The iPad is making headlines today for dominating the global tablet market during the last quarter, accounting for 95.5 percent of all shipments, according to Strategy Analytics. It’s a big number, and unquestionably a success for Apple, but it’s also a statistic that belies the nature of the clash to come for tablet devices.

Winning the Game It Created

Right now, claiming that Apple is dominating the tablet market is a little like saying Alexander Graham Bell dominated the telephone industry in 1876. By almost all accounts, the iPad forged its own niche, and left competitors scrambling to catch up. But, as with the telephone, that doesn’t mean competitors won’t catch up.

Slaying the Dragon

The situation is similar to (but not the same as) that faced by other device manufacturers when the iPhone was first introduced. Like the iPad, the iPhone was widely embraced by tech enthusiasts and consumers for its ease of use, design and App Store. For a long time after its introduction, the efforts of other handset makers was widely framed as the quest for an “iPhone killer.”

Many of those same companies are now faced with creating an iPad killer, but the climb seems much steeper still since Apple isn’t entering an already dense and competitive market, as it was with the iPhone.
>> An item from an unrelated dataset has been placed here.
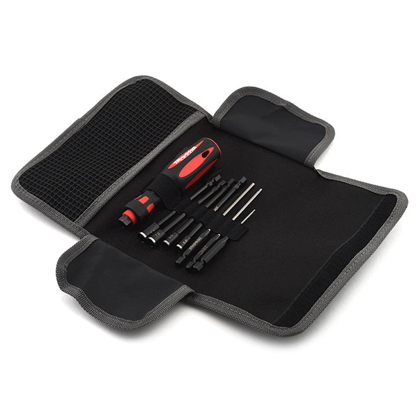 The included rubber over-molded handle holds the bits securely with a powerful magnet for fast bit changes. Headed to the track? Don’t worry, the included heavy-duty tool pouch keeps everything secure for traveling.

But is it really a higher mountain to climb?

The Rest of the Field

The iPad is well-placed to remain the leading tablet device for some time to come; I’m not disputing that. But I do think we’ll see a much more wide open field at this time next year. Whereas with the iPhone, competitors had to worry about both hardware and software gaps between themselves and Cupertino, this time around, device manufacturers have Android. With a growing built-in software distribution platform, and the weight of Google behind it, Android offers something the first companies making prospective iPhone killers didn’t have available to them.
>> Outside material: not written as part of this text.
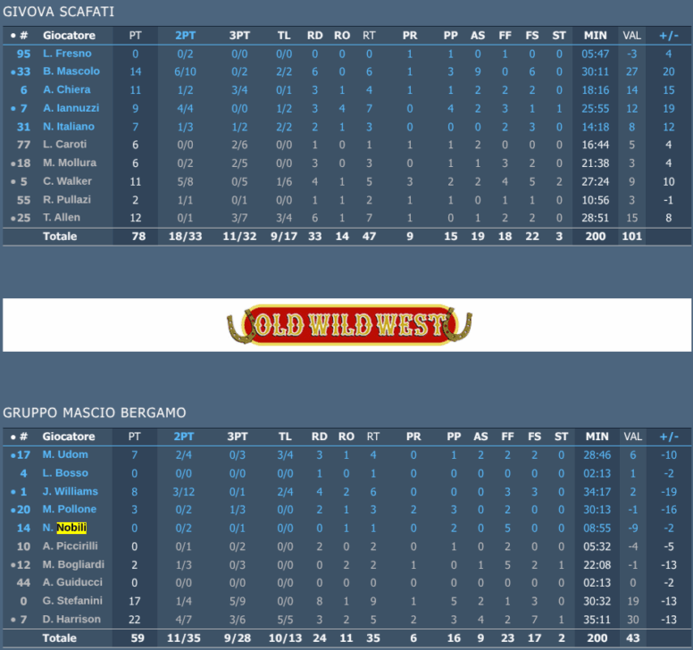 Note: parziali 18-12, 23-16, 17-24, 20-9. 5 Falli: Nobili 31’07” e Bogliardi 34’35”.

As soon as Android-powered tablets can find the right hardware mix, and refine production practices and parts sourcing to bring prices down, we’ll see a boom in business in their favor. Android accounted for just two percent of global tablet shipments last quarter, but think about what was available. Considering the caliber of Android devices that were on the market, I’d say that’s a success in itself.
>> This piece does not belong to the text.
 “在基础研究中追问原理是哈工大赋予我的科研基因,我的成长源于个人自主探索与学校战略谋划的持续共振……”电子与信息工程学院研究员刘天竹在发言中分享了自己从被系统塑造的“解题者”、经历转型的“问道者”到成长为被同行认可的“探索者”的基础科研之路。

Android won’t be the only one elbowing for room in the tablet market, either. BlackBerry is set to release the PlayBook, which will be popular among enterprise customers. Hewlett-Packard, Microsoft and ViewSonic look poised to grab a piece of the action, too.

The Stage is Set

Apple has done an amazing thing with the iPad. Its sales to date are tremendous, and it led to consumers embracing tablet computing in a big way. But talking about its market share at this early stage isn’t really saying much of anything at all. The interesting discussion isn’t around where the iPad currently places among its competitors, but about where it will be a year from now.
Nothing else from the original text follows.